EXERCISE REQUIREMENTS ▸ Every line below should be copied exactly; drop the pictures.

INPUT FOR THIS TASK ▸
━━━━━━━━━━━━━━━━
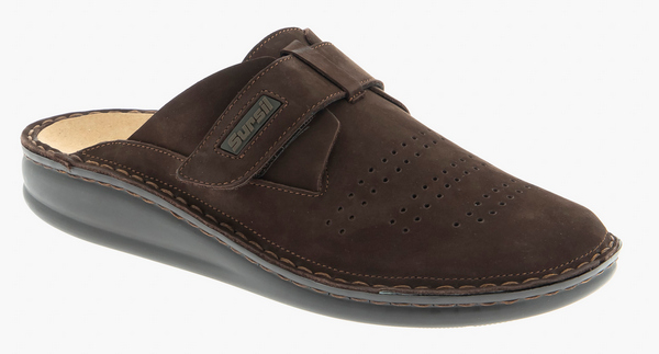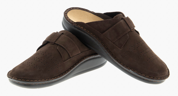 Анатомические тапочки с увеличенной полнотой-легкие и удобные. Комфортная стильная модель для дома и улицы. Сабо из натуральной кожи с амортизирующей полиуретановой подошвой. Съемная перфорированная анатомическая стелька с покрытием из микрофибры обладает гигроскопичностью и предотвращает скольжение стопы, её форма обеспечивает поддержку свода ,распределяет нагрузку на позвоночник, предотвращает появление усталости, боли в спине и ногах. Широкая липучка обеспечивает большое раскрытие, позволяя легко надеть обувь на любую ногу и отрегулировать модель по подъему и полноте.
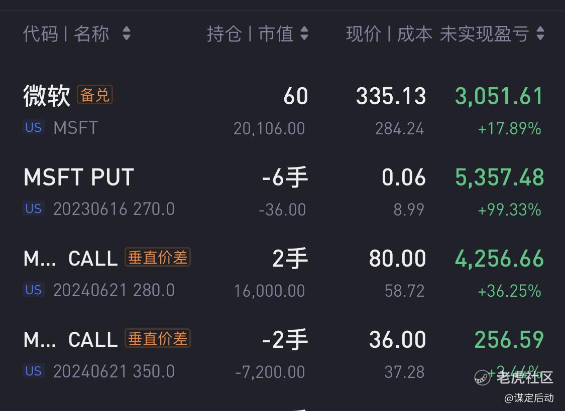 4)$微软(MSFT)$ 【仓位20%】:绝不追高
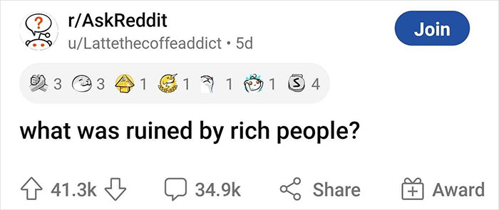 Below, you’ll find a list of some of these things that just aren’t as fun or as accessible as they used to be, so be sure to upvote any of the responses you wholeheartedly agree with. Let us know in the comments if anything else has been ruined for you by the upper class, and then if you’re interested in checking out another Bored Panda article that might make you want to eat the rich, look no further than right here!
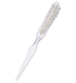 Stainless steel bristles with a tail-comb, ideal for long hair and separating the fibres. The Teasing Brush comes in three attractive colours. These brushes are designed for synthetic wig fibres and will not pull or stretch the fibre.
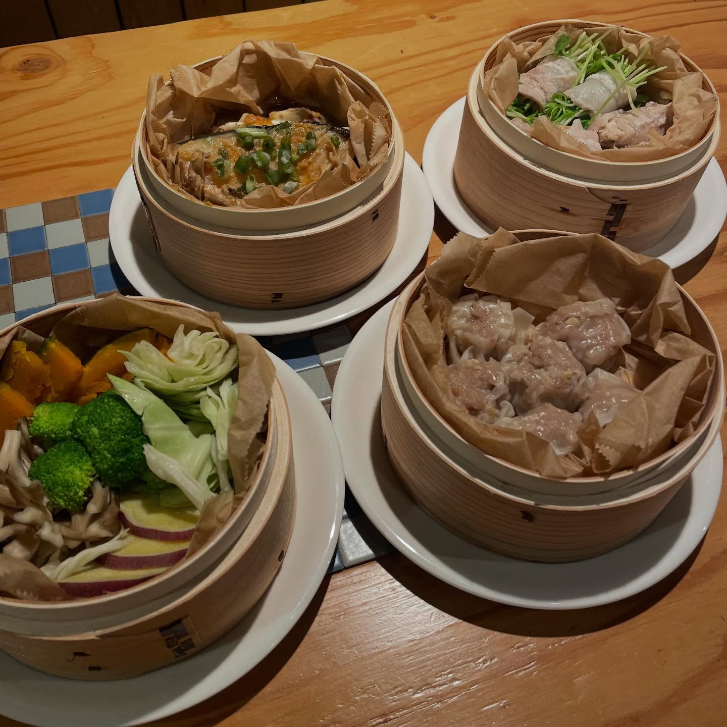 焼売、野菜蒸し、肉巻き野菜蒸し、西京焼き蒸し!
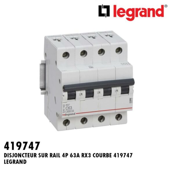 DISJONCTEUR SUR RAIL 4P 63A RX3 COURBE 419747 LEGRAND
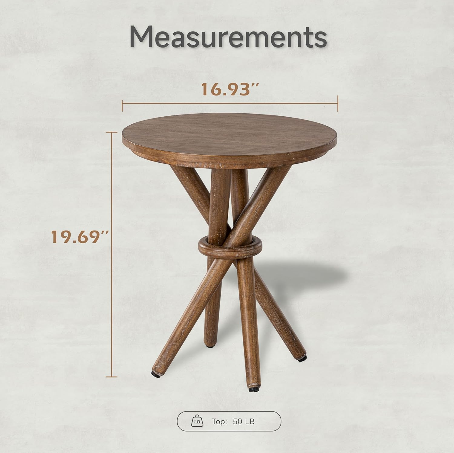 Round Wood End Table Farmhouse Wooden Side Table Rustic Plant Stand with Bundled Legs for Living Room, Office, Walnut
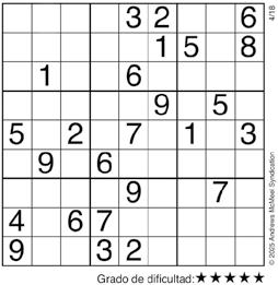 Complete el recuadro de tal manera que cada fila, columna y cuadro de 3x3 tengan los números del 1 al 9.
━━━━━━━━━━━━━━━━
FINISHED EXERCISE ▸
 Анатомические тапочки с увеличенной полнотой-легкие и удобные. Комфортная стильная модель для дома и улицы. Сабо из натуральной кожи с амортизирующей полиуретановой подошвой. Съемная перфорированная анатомическая стелька с покрытием из микрофибры обладает гигроскопичностью и предотвращает скольжение стопы, её форма обеспечивает поддержку свода ,распределяет нагрузку на позвоночник, предотвращает появление усталости, боли в спине и ногах. Широкая липучка обеспечивает большое раскрытие, позволяя легко надеть обувь на любую ногу и отрегулировать модель по подъему и полноте.
 4)$微软(MSFT)$ 【仓位20%】:绝不追高
 Below, you’ll find a list of some of these things that just aren’t as fun or as accessible as they used to be, so be sure to upvote any of the responses you wholeheartedly agree with. Let us know in the comments if anything else has been ruined for you by the upper class, and then if you’re interested in checking out another Bored Panda article that might make you want to eat the rich, look no further than right here!
 Stainless steel bristles with a tail-comb, ideal for long hair and separating the fibres. The Teasing Brush comes in three attractive colours. These brushes are designed for synthetic wig fibres and will not pull or stretch the fibre.
 焼売、野菜蒸し、肉巻き野菜蒸し、西京焼き蒸し!
 DISJONCTEUR SUR RAIL 4P 63A RX3 COURBE 419747 LEGRAND
 Round Wood End Table Farmhouse Wooden Side Table Rustic Plant Stand with Bundled Legs for Living Room, Office, Walnut
 Complete el recuadro de tal manera que cada fila, columna y cuadro de 3x3 tengan los números del 1 al 9.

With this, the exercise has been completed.